Members of the Wausa board of education discussed future planning at their regular meeting May 13, including a formal request from Osmond school officials to form a cooperative agreement with Wausa for junior high boys and girls basketball for the 2024-25 academic year.
This request has been made by Osmond because that school district’s junior high basketball teams will not have adequate numbers to allow Osmond to have junior high teams that can play competitive games or improve skills in practice.
Osmond and Randolph participated in a Junior High and high school basketball co-op the last two years but discontinued it after the 2023-24 season.
A recent survey of parents and patrons of the Osmond community has shown an overwhelming support for the Osmond school district to work toward a long-term partnership with the Wausa school district.
Osmond school officials believe that “a junior high basketball cooperative agreement will strengthen the partnership between both schools by showing a willingness to work together to ensure both schools can offer quality activities to their students,” according to a letter recently received.
Wausa school board members took no action on the topic, but likely will consider Osmond’s proposal for a one-year junior high basketball cooperative agreement during their regular meeting at 8 p.m.

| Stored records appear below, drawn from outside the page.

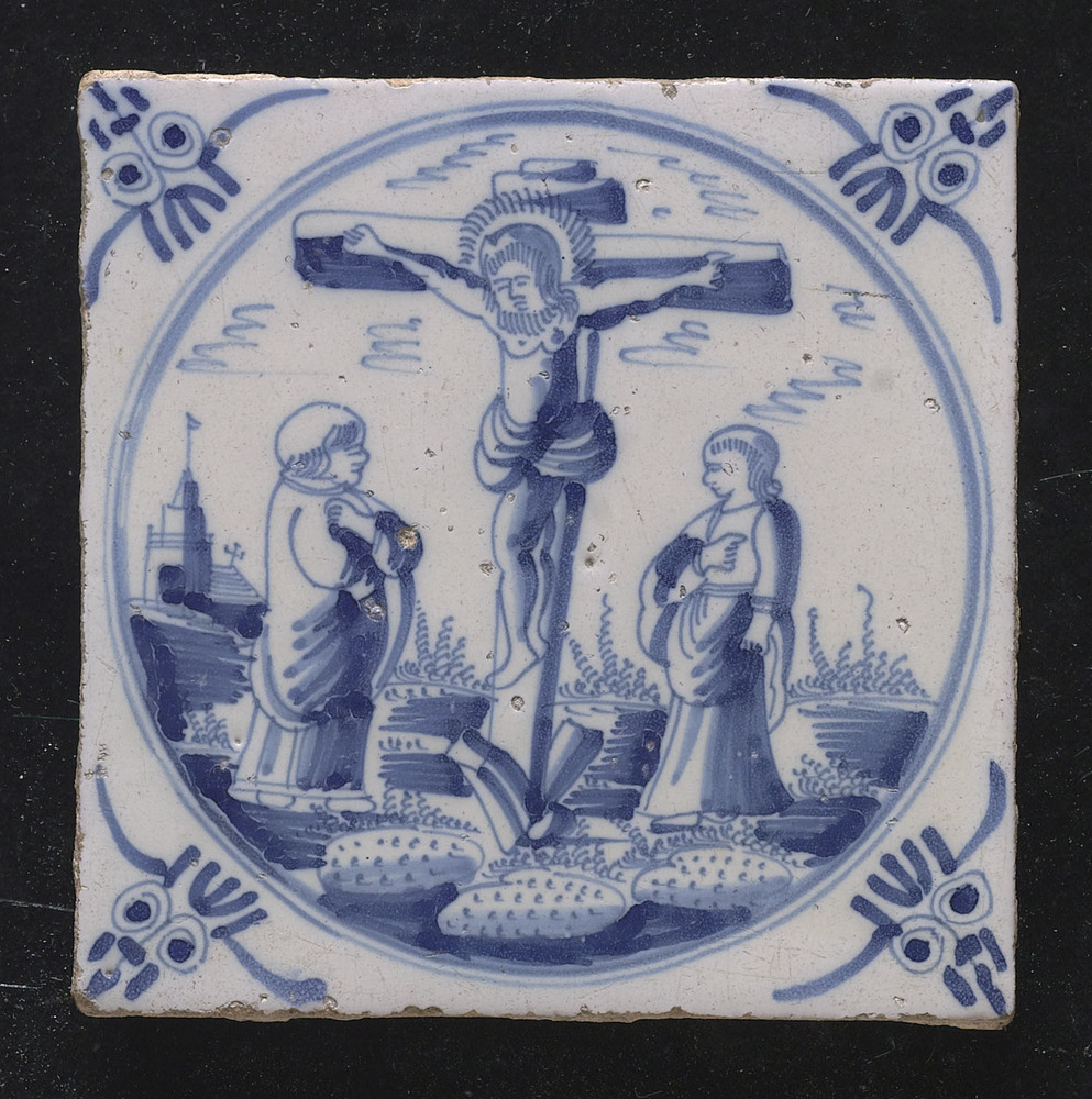 tegel van aardewerk met tinglazuur, voorstellende: D...
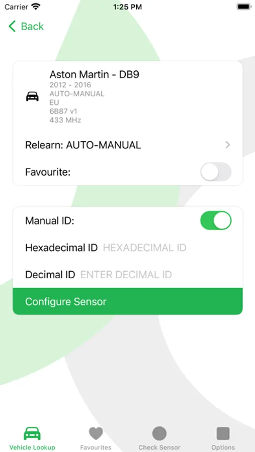 Configure a sensor by creating a new ID or entering an existing OE sensor ID. The Manual ID option enables users to skip the relearn process as the ID (in the ECU) is unchanged.
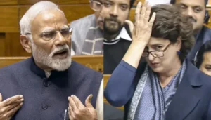 میڈیا رپورٹس کے مطابق وزیراعظم نریندر مودی کی لوک سبھا میں 110 منٹ سے زائد کی تقریر پر تبصرہ کرتے ہوئے پریانکا گاندھی نے اسے اسکول کے ریاضی کے 2 پیریڈ سے تشبیہ دی۔
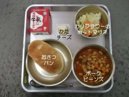 今日の献立は,『ポークビーンズ』『カリフラワーのホットマリネ』『かたチーズ』『おさつパン』『牛乳』です。

June 10.
The conversation about another potential cooperative agreement between Wausa and Osmond – they already are partnering on wrestling, football and FFA/agriculture starting in 2024-25 for four years – led to a deeper discussion at the Wausa school board meeting about future planning.
“In regards to the conversations around what we’ve got in place already with the co-op, we’d like to see how that works before we jump much farther,” said Derek Cunningham, member of the Wausa school board’s future planning committee.

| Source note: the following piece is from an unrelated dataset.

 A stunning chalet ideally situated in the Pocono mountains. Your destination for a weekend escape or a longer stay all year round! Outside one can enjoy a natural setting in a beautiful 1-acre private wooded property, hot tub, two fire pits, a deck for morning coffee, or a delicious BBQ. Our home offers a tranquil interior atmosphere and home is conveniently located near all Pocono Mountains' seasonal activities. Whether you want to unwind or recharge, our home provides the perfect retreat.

The question came up of whether long-term cooperative agreements were the most feasible “thing to be doing or are there bigger conversations that need to be had for stability of the district financially, as well as enrollment?”

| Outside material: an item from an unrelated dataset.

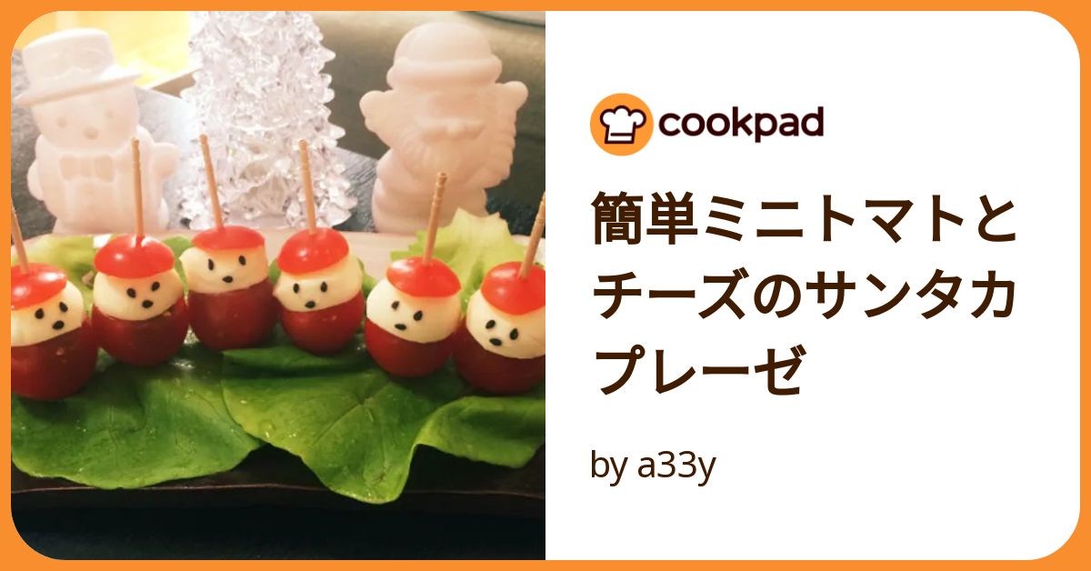 ミニトマトとモッツァレラチーズ、黒ごまという3つの材料だけで、かわいらしいサンタさんが作れちゃいます。作り方もとっても簡単。モッツァレラチーズを半分、ミニトマトを1/4に切ったら、ピックにミニトマト、チーズ、ミニトマトの順で刺して、黒ごまで目と口を描くだけ。あっという間にキュートなサンタカプレーゼの完成です!

“Are there some other things that maybe we should be talking about alongside of co-oping?” Cunningham said. “We’re currently in a pretty healthy spot.”
Katie Clausen, also on the future planning committee, said these kinds of conversations are not always pleasant.
“It’s not always something anybody has to love being up against,” she said. “By the time this year’s kindergartners are seniors in high school, there will only be 37 kids in the high school. Is that feasible for us? Thirty-seven kids – ninth-12th grade.”
Nearly 80 students in grades 9-12 were enrolled for the 2023-24 year. Clausen dug deeper into data for the discussion and learned Wausa’s birth rate, according to the U.S. Census Bureau, is 2.9 percent - less than half of the state’s birth rate.
The median age of people living in Wausa is 47. In the 1930s and the 1940s when schools were changing from one-room schoolhouses, the population of Knox County was over 19,000 people. Today, it’s at about 8,200. From 2020 to 2024, Knox County has lost, on average, 100 people per year, she said.
“Things are changing, and they’re changing a lot faster than we would hope,” Clausen said.